On 2020/9/14 下午3:23, Kishon Vijay Abraham I wrote:

quoted

Then you need something that is functional equivalent to virtio PCI
which is actually the concept of vDPA (e.g vDPA provides alternatives if
the queue_sel is hard in the EP implementation).
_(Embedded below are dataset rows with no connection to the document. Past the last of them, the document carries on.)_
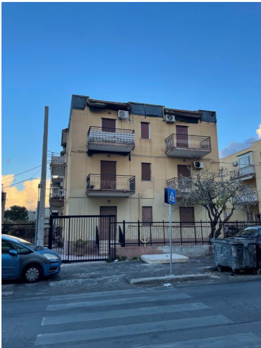
Vista prospetto principale da Via Galletti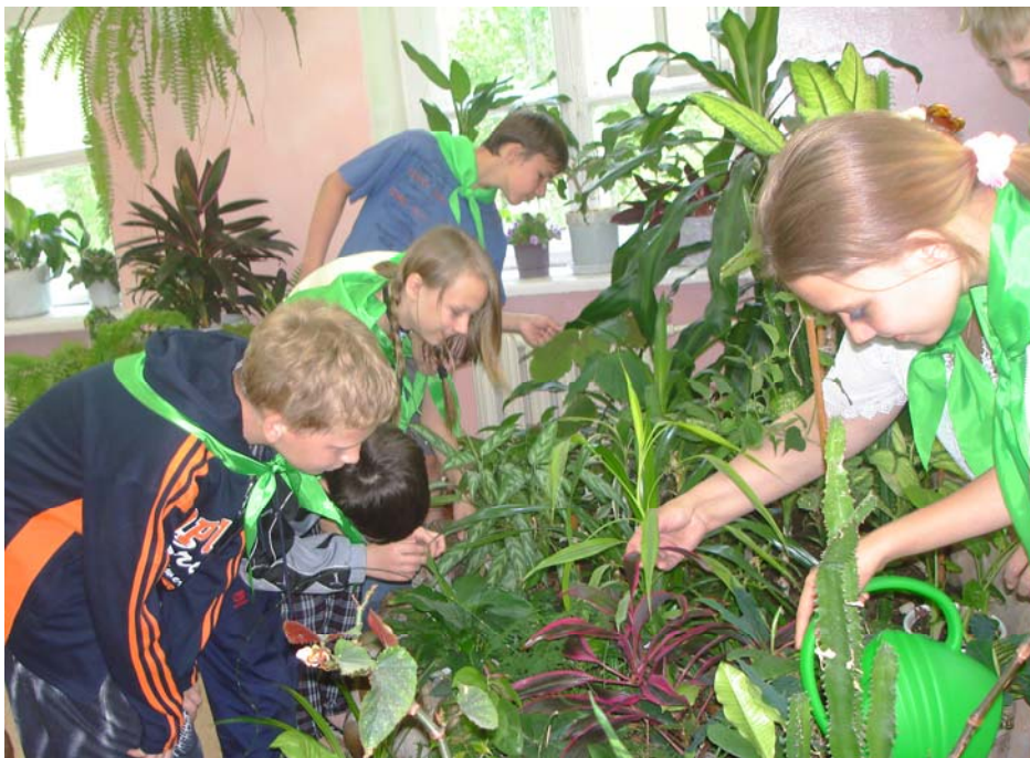
Занятия по экологии растений.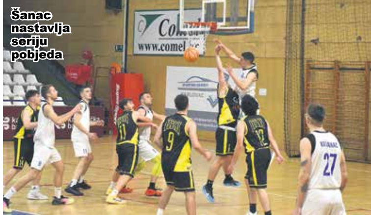
Šanac nastavlja seriju pobjeda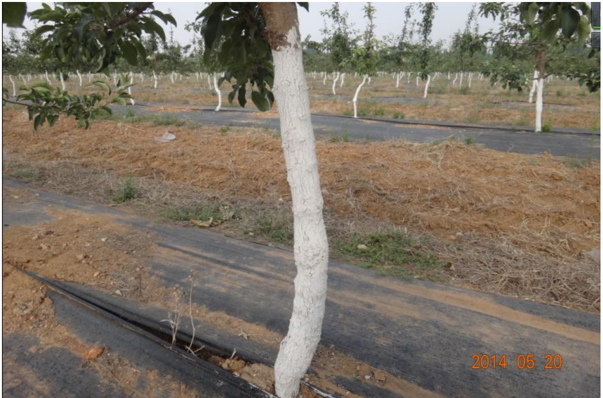
图11-8 苹果树主干涂抹轮纹终结者后的状况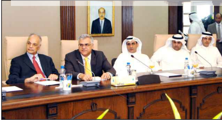
● جانب من المكرمين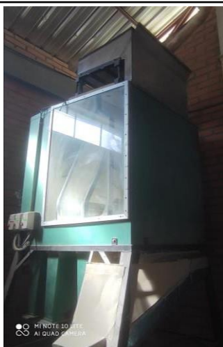
SEPARADOR DE PAJAS Y GRANOS PEQUEÑOS

Okay, I just tried to compare the 'struct vdpa_config_ops' and 'struct
vhost_config_ops' ( introduced in [RFC PATCH 03/22] vhost: Add ops for
the VHOST driver to configure VHOST device).

struct vdpa_config_ops {
	/* Virtqueue ops */
	int (*set_vq_address)(struct vdpa_device *vdev,
			      u16 idx, u64 desc_area, u64 driver_area,
			      u64 device_area);
	void (*set_vq_num)(struct vdpa_device *vdev, u16 idx, u32 num);
	void (*kick_vq)(struct vdpa_device *vdev, u16 idx);
	void (*set_vq_cb)(struct vdpa_device *vdev, u16 idx,
			  struct vdpa_callback *cb);
	void (*set_vq_ready)(struct vdpa_device *vdev, u16 idx, bool ready);
	bool (*get_vq_ready)(struct vdpa_device *vdev, u16 idx);
	int (*set_vq_state)(struct vdpa_device *vdev, u16 idx,
			    const struct vdpa_vq_state *state);
	int (*get_vq_state)(struct vdpa_device *vdev, u16 idx,
			    struct vdpa_vq_state *state);
	struct vdpa_notification_area
	(*get_vq_notification)(struct vdpa_device *vdev, u16 idx);
	/* vq irq is not expected to be changed once DRIVER_OK is set */
	int (*get_vq_irq)(struct vdpa_device *vdv, u16 idx);

	/* Device ops */
	u32 (*get_vq_align)(struct vdpa_device *vdev);
	u64 (*get_features)(struct vdpa_device *vdev);
	int (*set_features)(struct vdpa_device *vdev, u64 features);
	void (*set_config_cb)(struct vdpa_device *vdev,
			      struct vdpa_callback *cb);
	u16 (*get_vq_num_max)(struct vdpa_device *vdev);
	u32 (*get_device_id)(struct vdpa_device *vdev);
	u32 (*get_vendor_id)(struct vdpa_device *vdev);
	u8 (*get_status)(struct vdpa_device *vdev);
	void (*set_status)(struct vdpa_device *vdev, u8 status);
	void (*get_config)(struct vdpa_device *vdev, unsigned int offset,
			   void *buf, unsigned int len);
	void (*set_config)(struct vdpa_device *vdev, unsigned int offset,
			   const void *buf, unsigned int len);
	u32 (*get_generation)(struct vdpa_device *vdev);

	/* DMA ops */
	int (*set_map)(struct vdpa_device *vdev, struct vhost_iotlb *iotlb);
	int (*dma_map)(struct vdpa_device *vdev, u64 iova, u64 size,
		       u64 pa, u32 perm);
	int (*dma_unmap)(struct vdpa_device *vdev, u64 iova, u64 size);

	/* Free device resources */
	void (*free)(struct vdpa_device *vdev);
};

+struct vhost_config_ops {
+	int (*create_vqs)(struct vhost_dev *vdev, unsigned int nvqs,
+			  unsigned int num_bufs, struct vhost_virtqueue *vqs[],
+			  vhost_vq_callback_t *callbacks[],
+			  const char * const names[]);
+	void (*del_vqs)(struct vhost_dev *vdev);
+	int (*write)(struct vhost_dev *vdev, u64 vhost_dst, void *src, int len);
+	int (*read)(struct vhost_dev *vdev, void *dst, u64 vhost_src, int len);
+	int (*set_features)(struct vhost_dev *vdev, u64 device_features);
+	int (*set_status)(struct vhost_dev *vdev, u8 status);
+	u8 (*get_status)(struct vhost_dev *vdev);
+};
+
struct virtio_config_ops
I think there's some overlap here and some of the ops tries to do the
same thing.

I think it differs in (*set_vq_address)() and (*create_vqs)().
[create_vqs() introduced in struct vhost_config_ops provides
complimentary functionality to (*find_vqs)() in struct
virtio_config_ops. It seemingly encapsulates the functionality of
(*set_vq_address)(), (*set_vq_num)(), (*set_vq_cb)(),..].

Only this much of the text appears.